Scaffolds browse page and scaffold info
Scaffold search results; each scaffold links to its families shown as a honeycomb.

By Host

By Host lets you start from a host organism's taxonomy and drill down through Domain → Kingdom → Phylum → Class → Order → Family → Genus → Species. Each dropdown unlocks the next once a value is chosen, and a summary of your current selection appears below the form.

The results table lists every matching host-taxonomy record with its NCBI ID and counts of associated Families and Datasets. Use the Browse Families / Browse Datasets buttons (or the count links) to carry the host filter across to those views — you'll then see a Host Taxonomy filter summarised at the top of those pages.

By Host taxonomy drill-down page
The By Host page: cascading taxonomy dropdowns and a table of matching host records.

Map

The Map view plots samples geographically using their recorded latitude and longitude. Each marker is a sampling site; click a marker for its details. Maps also appear on individual Sample and Family pages to show where the underlying data was collected.

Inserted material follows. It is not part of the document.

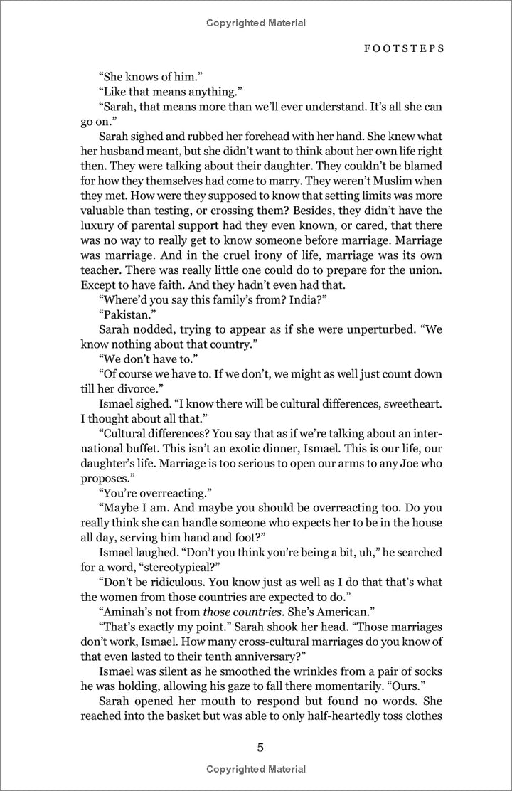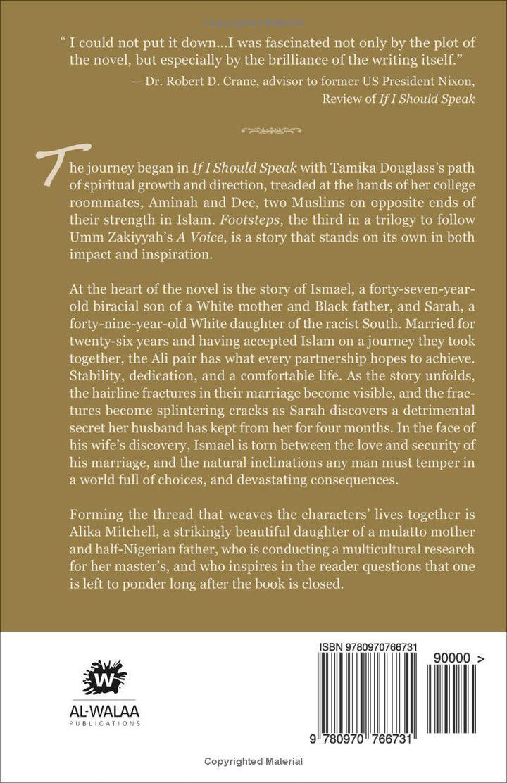 The journey began in If I Should Speak with Tamika Douglass's path of spiritual growth and direction, treaded at the hands of her college roommates, Aminah and Dee, two Muslims on opposite ends of their strength in Islam. Footsteps, the third in a trilogy to follow Umm Zakiyyah's A Voice, is a story that stands on its own in both impact and inspiration.
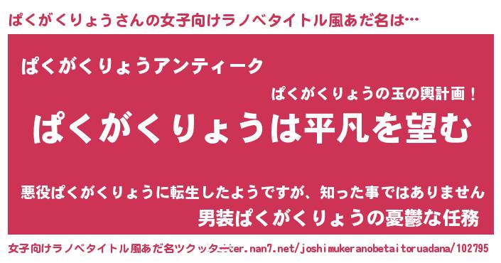 | 男性向けラノベタイトル風あだ名 | 『ダンジョンにぱくがくりょうを求めるのは間違っているだろうか』 |

Note: some samples have no coordinate data and will not appear on the map.
Geographic map of sampling sites
Sampling locations plotted on an interactive map.
↑ Top

Statistics

The Statistics page gives a database-wide overview: total counts of families, samples, and scaffolds, distributions across taxonomic orders and sample types, and the spread of model quality and confidence scores. Use it to understand the overall scale and composition of ArthroVerse before drilling into individual records, or to cite summary figures.

Statistics overview page
Database-wide summary statistics and distribution charts.
↑ Top

Downloads

The Downloads section provides the underlying data for offline use. Depending on the record, you can obtain:

  • FASTA — family sequences, plus an aligned (MSA) version.
  • HMM — the hidden Markov model profile for a family.
  • CIF — the predicted 3D structure file.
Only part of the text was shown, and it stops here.